## Task description
Starting with the line that has "Christmas Wreath Christmas" and finishing with the line that has "Selling a set", set down each line below exactly. Pictures are not copied.

## Given data
========================================================================
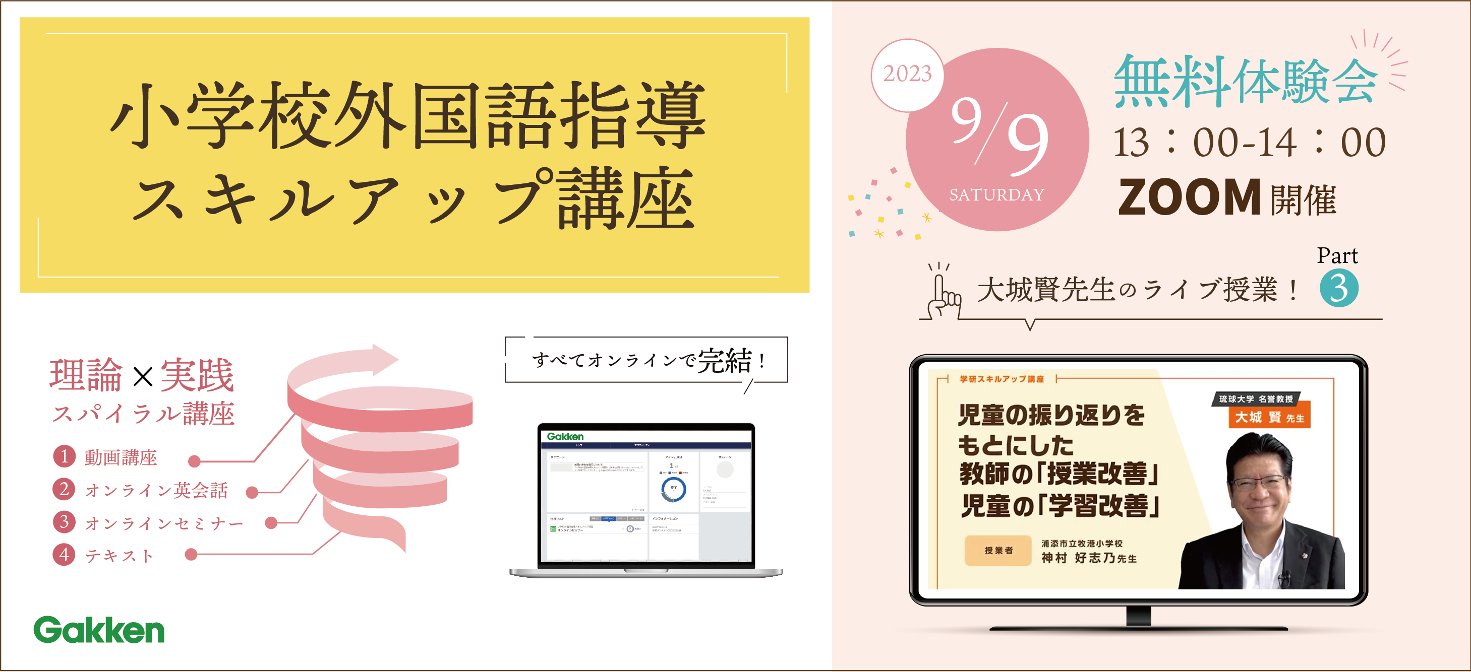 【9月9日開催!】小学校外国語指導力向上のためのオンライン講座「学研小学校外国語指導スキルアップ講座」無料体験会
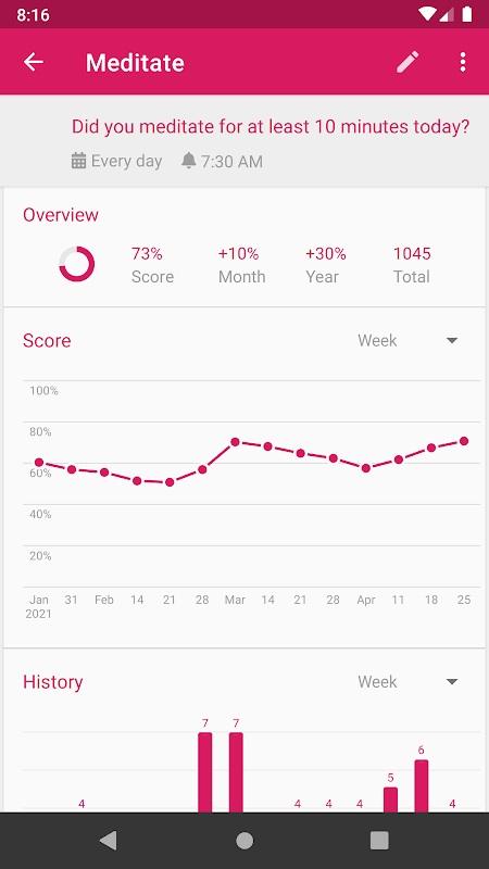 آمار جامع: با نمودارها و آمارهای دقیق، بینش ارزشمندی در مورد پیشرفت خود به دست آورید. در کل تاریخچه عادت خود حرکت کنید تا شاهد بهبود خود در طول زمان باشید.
========================================================================
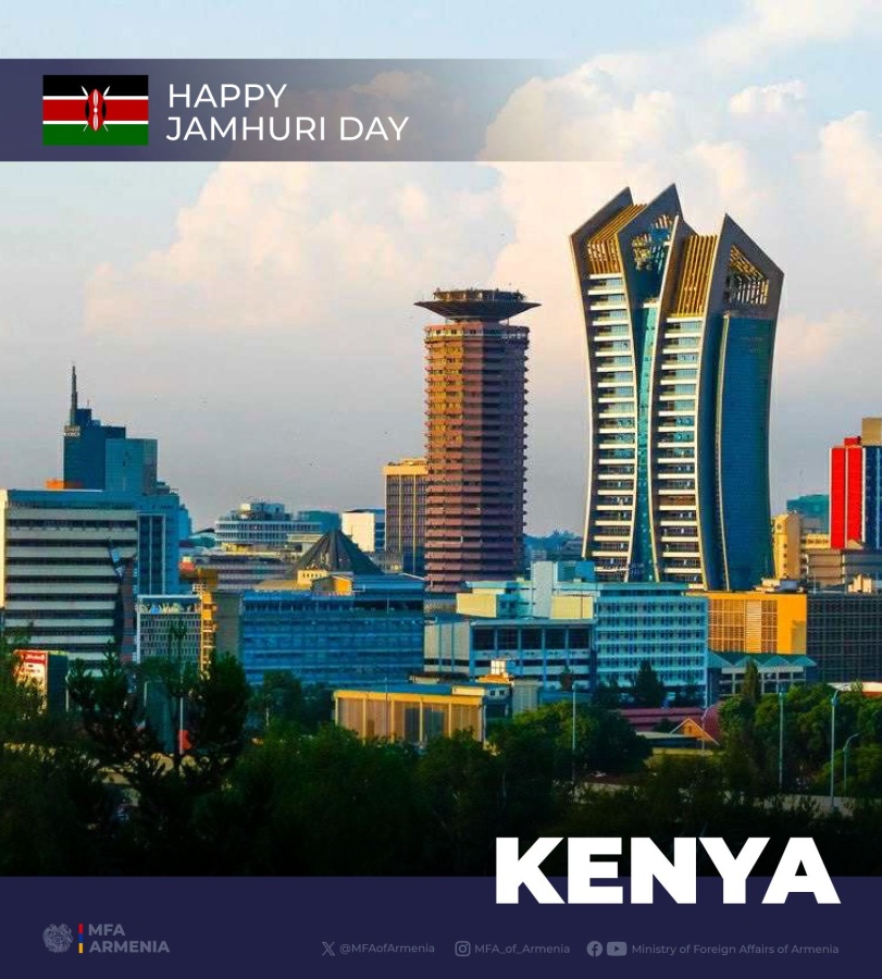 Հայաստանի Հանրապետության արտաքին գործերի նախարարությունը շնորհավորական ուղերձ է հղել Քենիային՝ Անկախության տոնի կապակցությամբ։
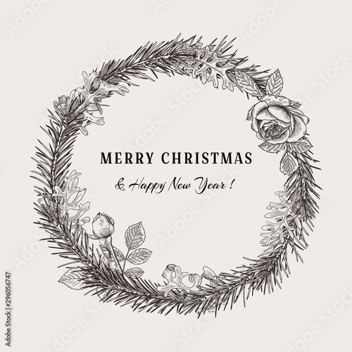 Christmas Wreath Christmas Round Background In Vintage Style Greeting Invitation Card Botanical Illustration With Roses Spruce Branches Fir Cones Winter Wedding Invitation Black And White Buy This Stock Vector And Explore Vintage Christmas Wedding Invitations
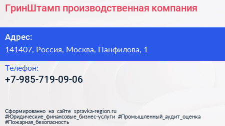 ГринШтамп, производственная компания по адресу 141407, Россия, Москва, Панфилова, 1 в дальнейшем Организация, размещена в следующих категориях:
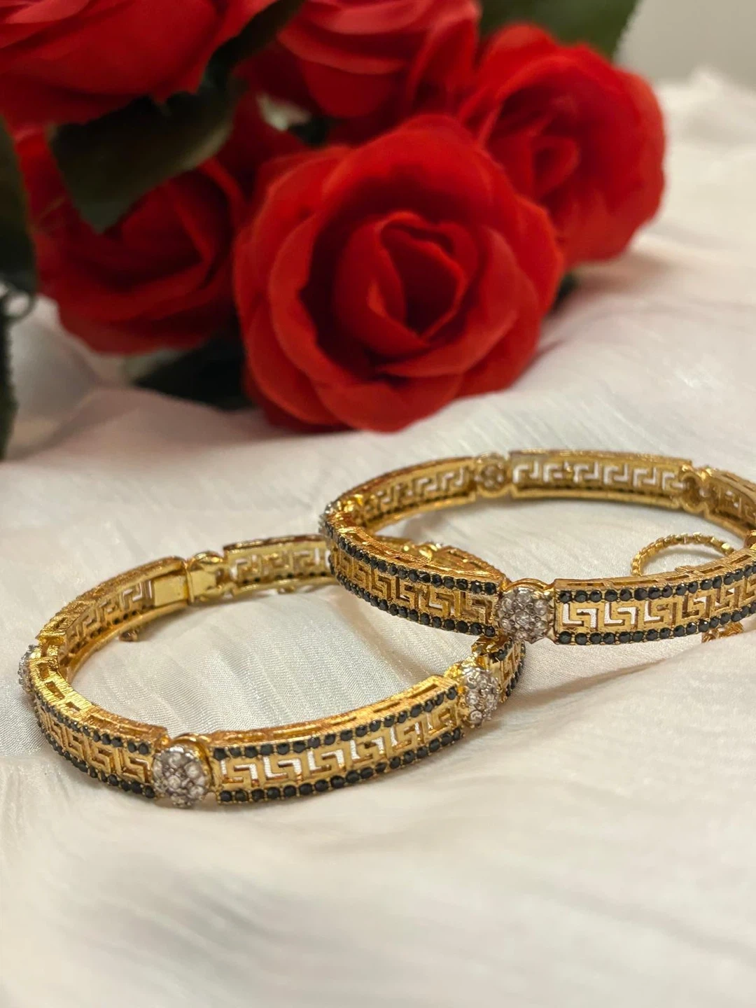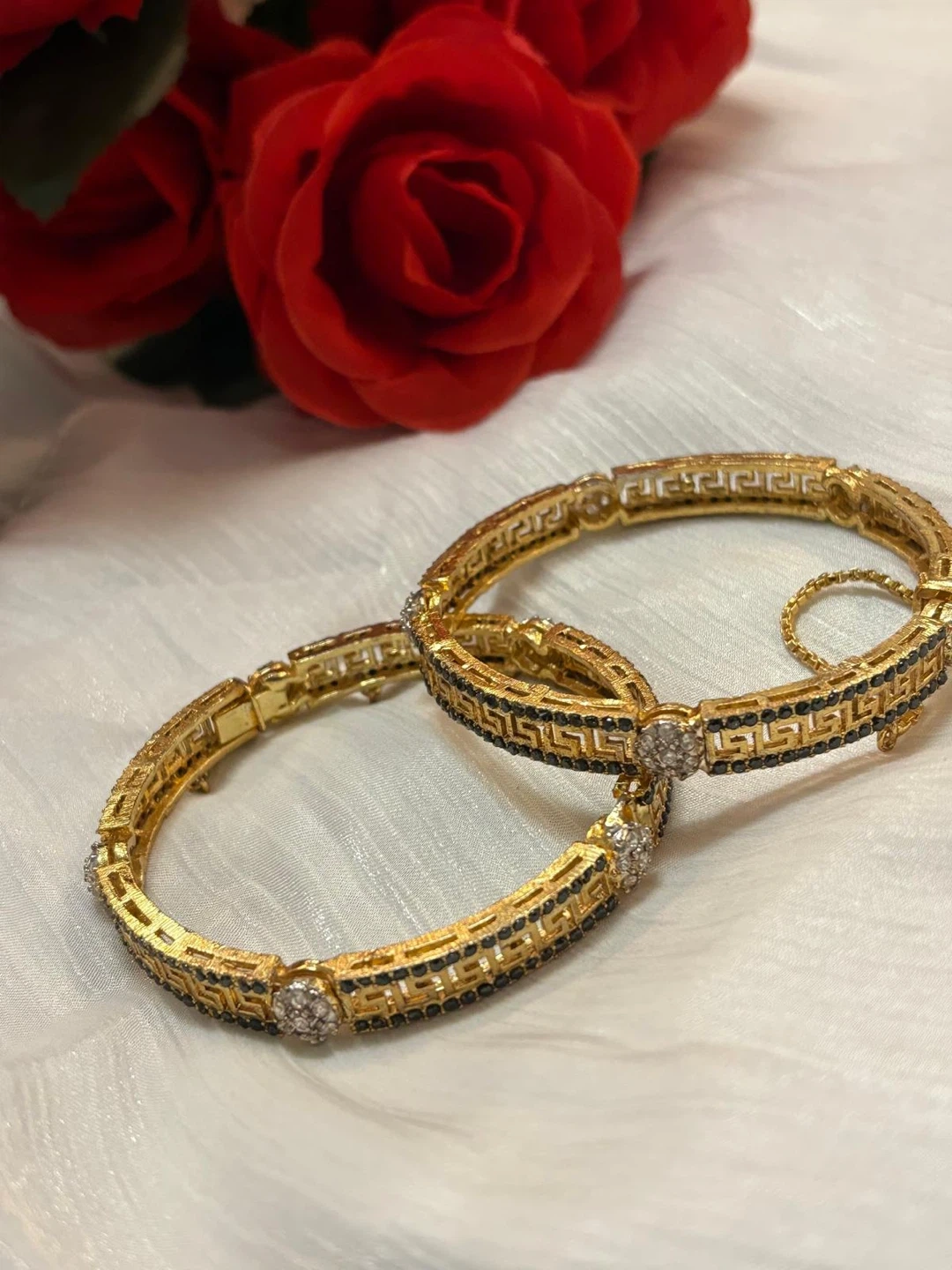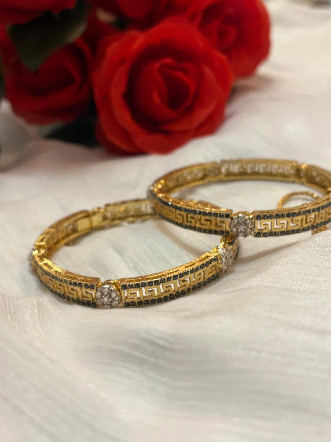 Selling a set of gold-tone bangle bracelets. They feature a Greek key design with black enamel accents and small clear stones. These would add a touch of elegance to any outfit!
========================================================================
## Response to this exercise
 Christmas Wreath Christmas Round Background In Vintage Style Greeting Invitation Card Botanical Illustration With Roses Spruce Branches Fir Cones Winter Wedding Invitation Black And White Buy This Stock Vector And Explore Vintage Christmas Wedding Invitations
 ГринШтамп, производственная компания по адресу 141407, Россия, Москва, Панфилова, 1 в дальнейшем Организация, размещена в следующих категориях:
 Selling a set of gold-tone bangle bracelets. They feature a Greek key design with black enamel accents and small clear stones. These would add a touch of elegance to any outfit!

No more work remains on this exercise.